### [Try it]
Among the entries below, which lines run from the line with "- Features a" through the line with "SuperheroesDynamic blue-skinned monster"? Retype those, both ends included, exactly and without pictures.
╭─ Supplied information
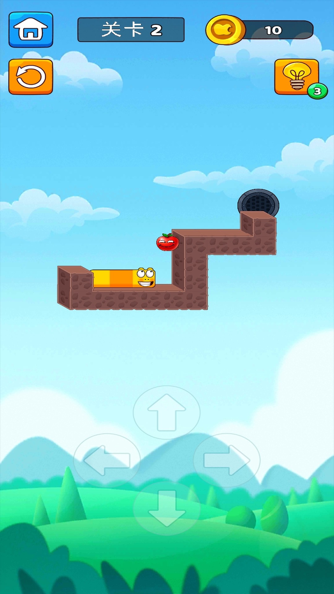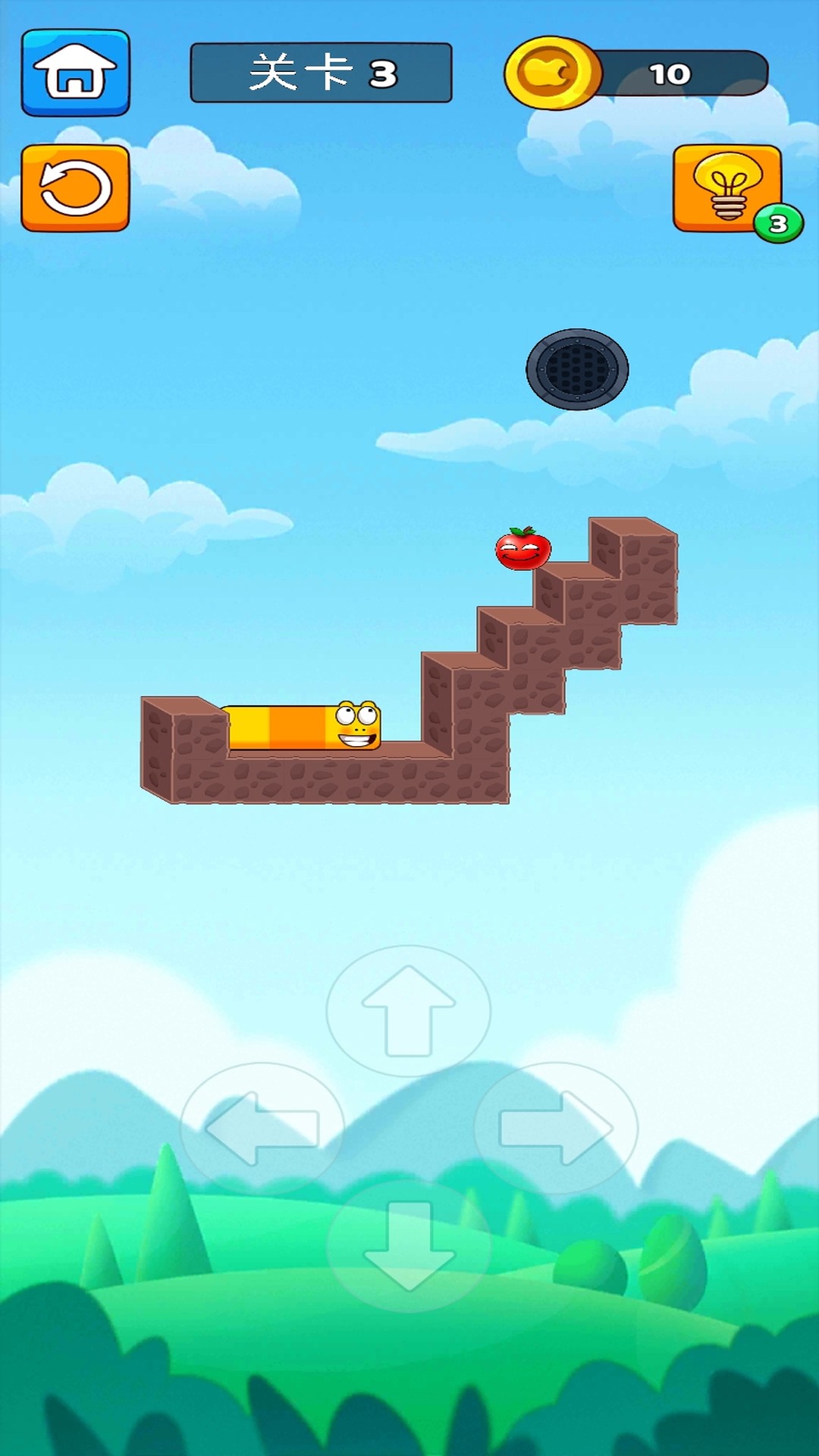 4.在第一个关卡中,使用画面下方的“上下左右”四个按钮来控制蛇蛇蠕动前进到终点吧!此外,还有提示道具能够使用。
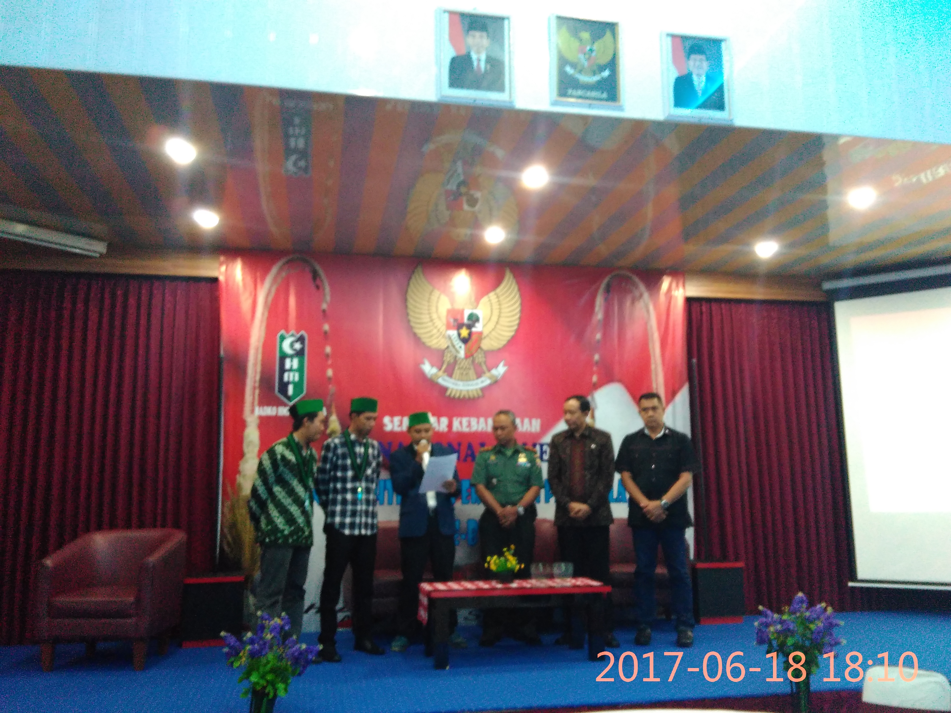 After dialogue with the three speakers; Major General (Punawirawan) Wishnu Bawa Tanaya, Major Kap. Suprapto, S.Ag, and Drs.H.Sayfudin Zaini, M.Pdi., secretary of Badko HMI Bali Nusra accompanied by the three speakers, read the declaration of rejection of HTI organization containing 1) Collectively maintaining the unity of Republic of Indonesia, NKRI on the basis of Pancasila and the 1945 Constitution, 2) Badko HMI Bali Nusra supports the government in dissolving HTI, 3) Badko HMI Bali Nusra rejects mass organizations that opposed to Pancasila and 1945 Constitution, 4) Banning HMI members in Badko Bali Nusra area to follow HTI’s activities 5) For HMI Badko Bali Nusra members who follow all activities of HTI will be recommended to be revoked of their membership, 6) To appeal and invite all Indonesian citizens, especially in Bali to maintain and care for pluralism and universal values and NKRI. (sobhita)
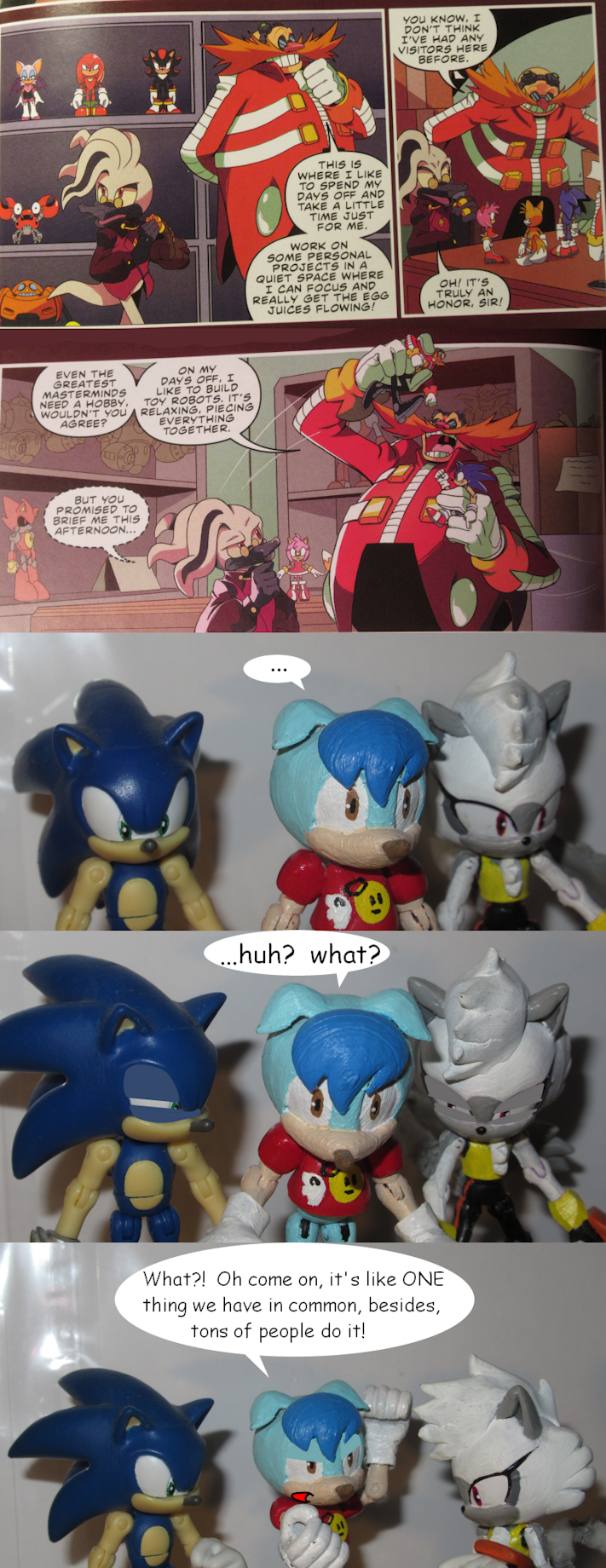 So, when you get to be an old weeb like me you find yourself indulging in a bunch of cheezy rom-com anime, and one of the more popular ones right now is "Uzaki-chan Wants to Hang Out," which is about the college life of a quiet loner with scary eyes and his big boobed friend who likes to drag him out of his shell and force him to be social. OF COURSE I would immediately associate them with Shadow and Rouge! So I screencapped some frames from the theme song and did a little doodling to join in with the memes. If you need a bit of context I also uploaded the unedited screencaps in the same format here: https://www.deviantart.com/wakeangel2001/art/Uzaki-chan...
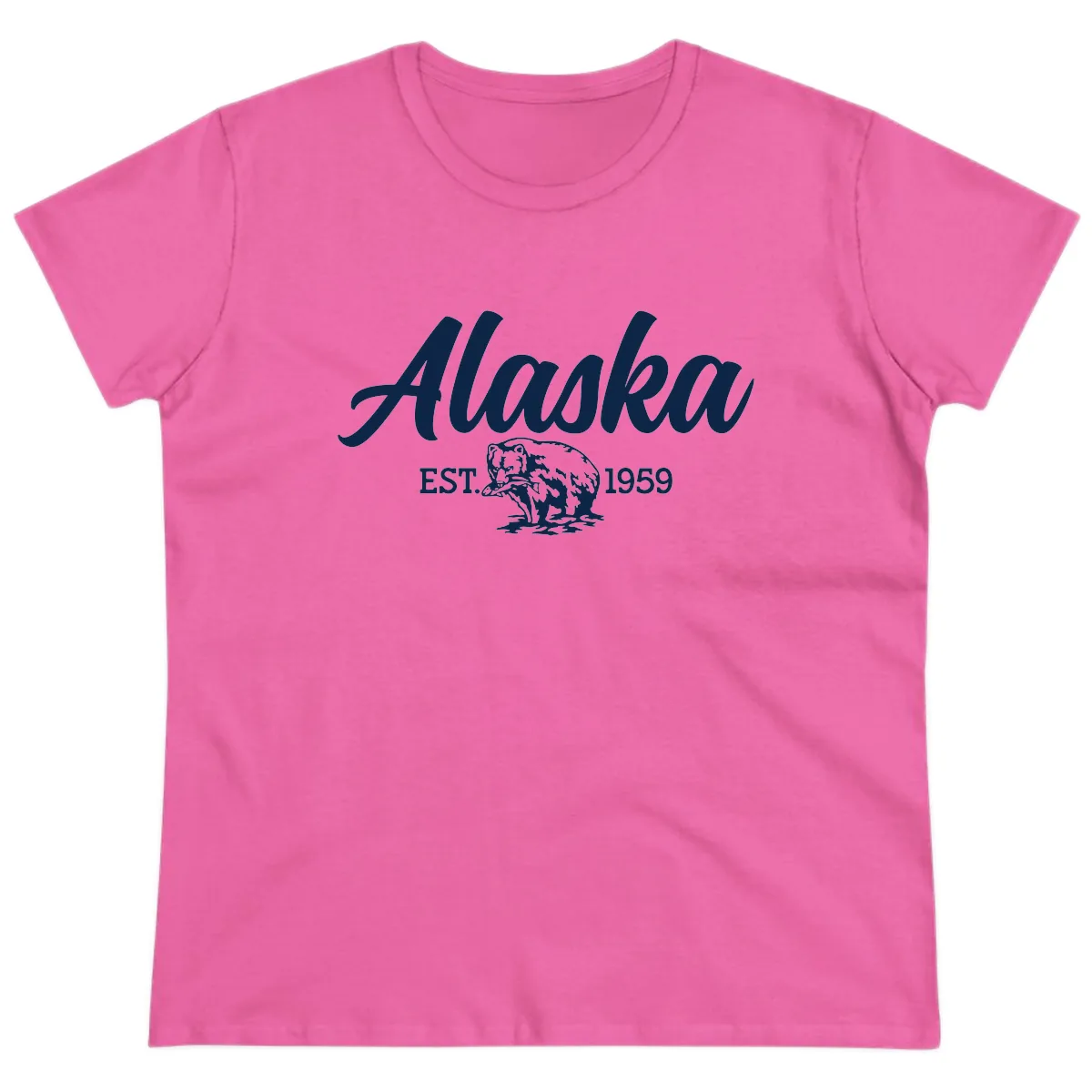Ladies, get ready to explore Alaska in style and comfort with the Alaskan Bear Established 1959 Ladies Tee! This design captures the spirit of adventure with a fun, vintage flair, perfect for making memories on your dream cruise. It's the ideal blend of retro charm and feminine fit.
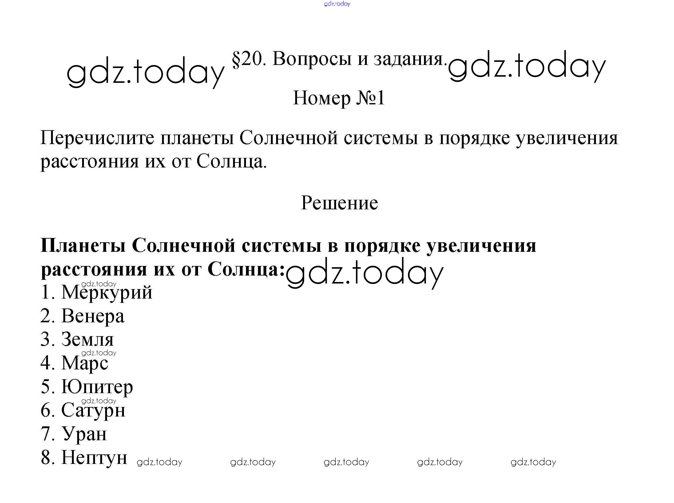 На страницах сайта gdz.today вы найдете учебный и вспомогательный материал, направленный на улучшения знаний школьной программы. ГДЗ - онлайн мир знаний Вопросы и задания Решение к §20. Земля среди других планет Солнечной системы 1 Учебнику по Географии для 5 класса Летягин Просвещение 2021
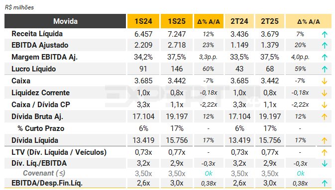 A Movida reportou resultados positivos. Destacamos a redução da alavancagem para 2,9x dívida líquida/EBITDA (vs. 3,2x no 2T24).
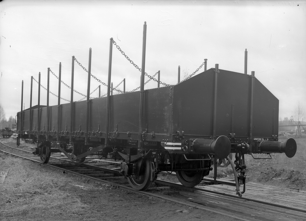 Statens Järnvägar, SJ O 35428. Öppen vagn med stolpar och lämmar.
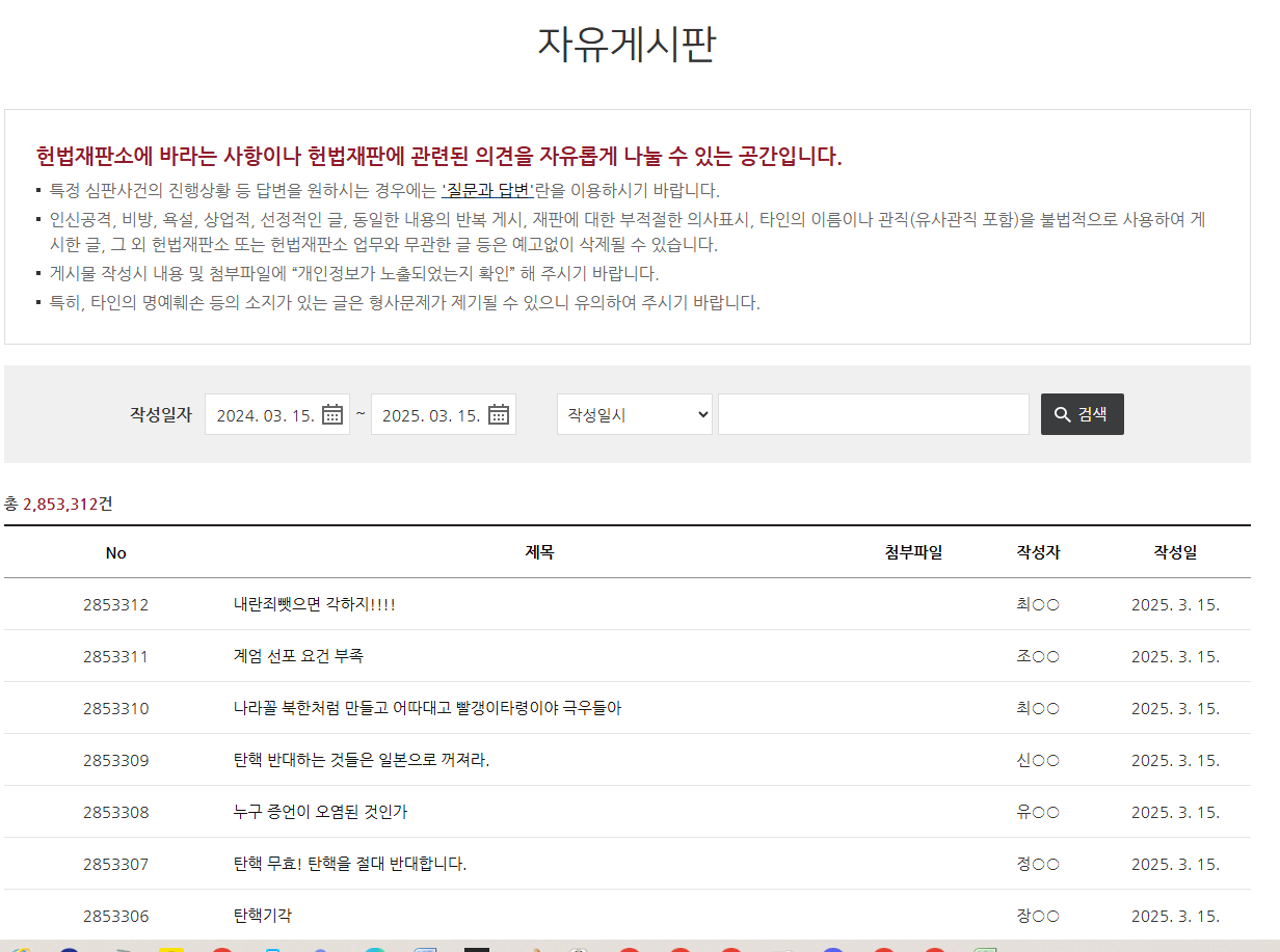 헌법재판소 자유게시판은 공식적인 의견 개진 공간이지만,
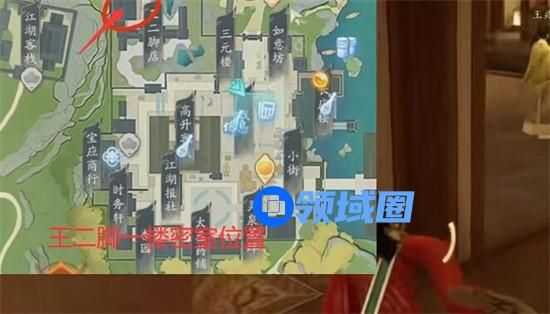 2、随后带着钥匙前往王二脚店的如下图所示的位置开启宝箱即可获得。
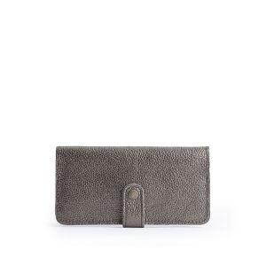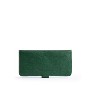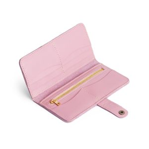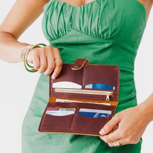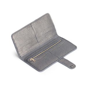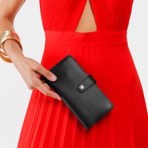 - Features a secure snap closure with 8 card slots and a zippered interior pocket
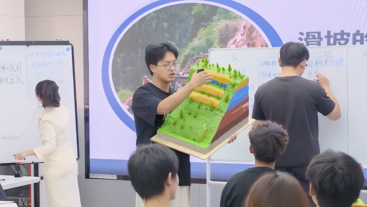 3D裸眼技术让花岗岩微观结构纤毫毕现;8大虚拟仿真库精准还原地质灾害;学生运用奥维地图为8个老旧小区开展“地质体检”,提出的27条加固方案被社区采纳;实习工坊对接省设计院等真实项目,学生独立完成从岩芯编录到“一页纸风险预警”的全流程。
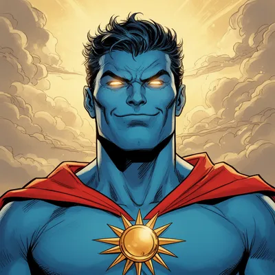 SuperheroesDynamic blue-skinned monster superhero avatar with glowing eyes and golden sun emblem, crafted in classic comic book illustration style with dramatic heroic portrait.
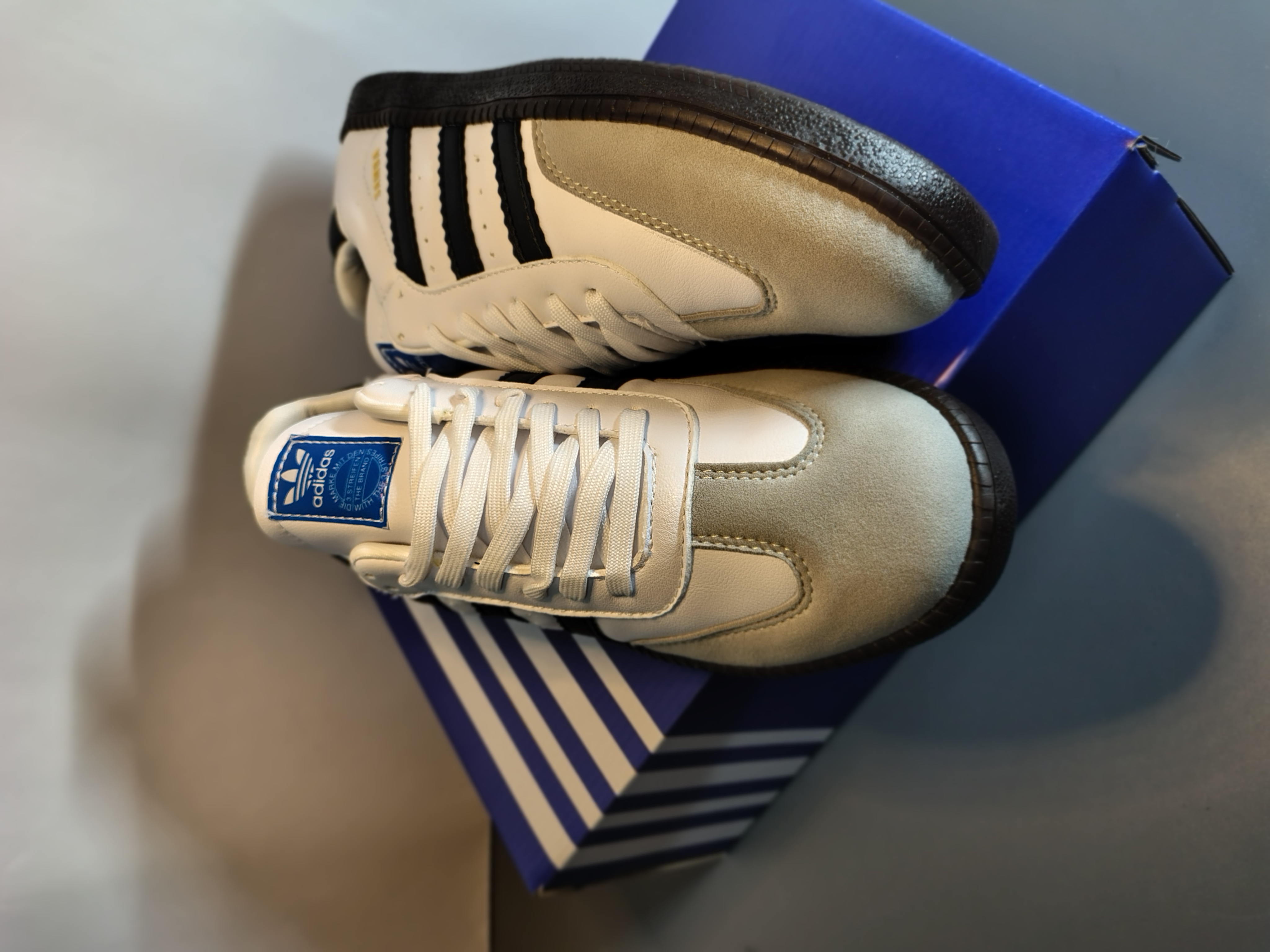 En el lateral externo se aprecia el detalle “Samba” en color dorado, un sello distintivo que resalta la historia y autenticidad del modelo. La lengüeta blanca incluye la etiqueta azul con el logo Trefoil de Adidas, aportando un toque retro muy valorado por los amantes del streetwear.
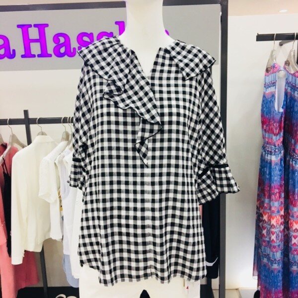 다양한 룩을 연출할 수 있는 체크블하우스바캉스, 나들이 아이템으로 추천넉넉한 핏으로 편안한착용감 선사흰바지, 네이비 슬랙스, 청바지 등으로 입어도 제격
╰─
### [Solution for this exercise]
 - Features a secure snap closure with 8 card slots and a zippered interior pocket
 3D裸眼技术让花岗岩微观结构纤毫毕现;8大虚拟仿真库精准还原地质灾害;学生运用奥维地图为8个老旧小区开展“地质体检”,提出的27条加固方案被社区采纳;实习工坊对接省设计院等真实项目,学生独立完成从岩芯编录到“一页纸风险预警”的全流程。
 SuperheroesDynamic blue-skinned monster superhero avatar with glowing eyes and golden sun emblem, crafted in classic comic book illustration style with dramatic heroic portrait.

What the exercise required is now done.